Write up student interviews and put them on the school library blog so that
all pupils and staff can read about the event.

Evaluation (Stage 5)
No formal evaluation instruments were used.
Informal evaluation was received from the girls who were asked to discuss the
event and write about it in their next English lesson.

The key skills needed to develop the project were:
   - patience
   - organisation skills
   - communication skills
   - team working skills – collaborating with English Department and student
      librarian team
   - financial skills – sales of books under pressure and handling money

The build up to an author visit can be both exciting and also a bit of a thankless
task. It is however worth it. Our chosen author was very ‘low maintenance’ and
down to earth. She did not want to charge for accommodation so stayed over night
before the event with the Librarian. She came on her own without an entourage,
which some authors insist on doing. All this made the planning stage and the
actual day a lot easier and a lot less stressful.

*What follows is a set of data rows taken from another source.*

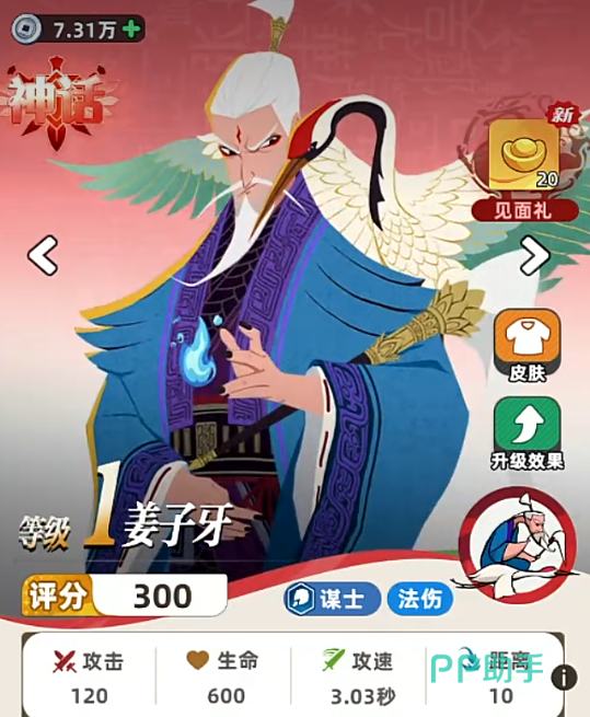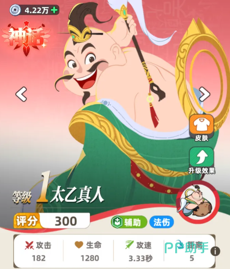 太乙真人属防御向辅助,技能优先治疗生命最低的队友,恢复量等于其100%攻击力;战斗开始时,自动为自身及身后一格范围内的友军施加护盾;携带护盾的单位在遭遇致命伤害时可豁免一次死亡;其天赋赋予所有带盾友军固定+80点攻击力加成。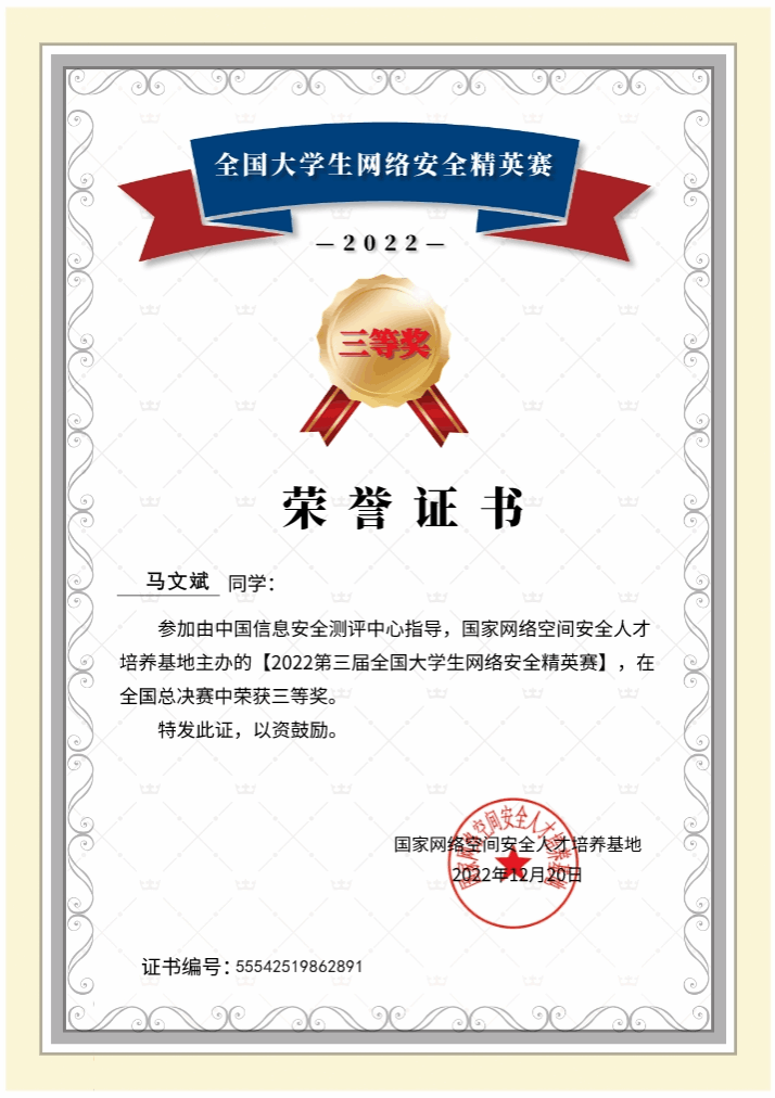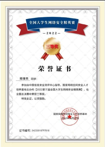 2022年12月18日,第三届全国大学生网络安全精英赛全国总决赛落下帷幕,beat365官方网站计算机学院2022级计科学子邱俊杰、马文斌荣获国赛三等奖。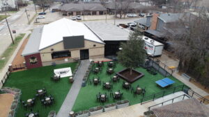 Full commercial bar build in Old Town Lewisville, TX including steel patio cover, Trex deck, ADA ramps, stamped concrete, grading, fencing, and structural renovations.

On the whole the author visit went very well and smoothly. It would have been
useful to have promoted the event a little more, and maybe to have spent some
time during an English lesson to talk about the visit and plan questions for the
author. This would have got the girls to think more carefully about the day and
enabled them to gain more from it.

Selling the book during lunch time was stressful as there was only the Librarian
and a few student helpers present and it became very busy. Finding other staff
willing to give up a lunch hour can be difficult. Next time it would if better to
organise the book sales through a local book store. They would come into school
on the day to sell the books at no extra charge as they are glad of the business.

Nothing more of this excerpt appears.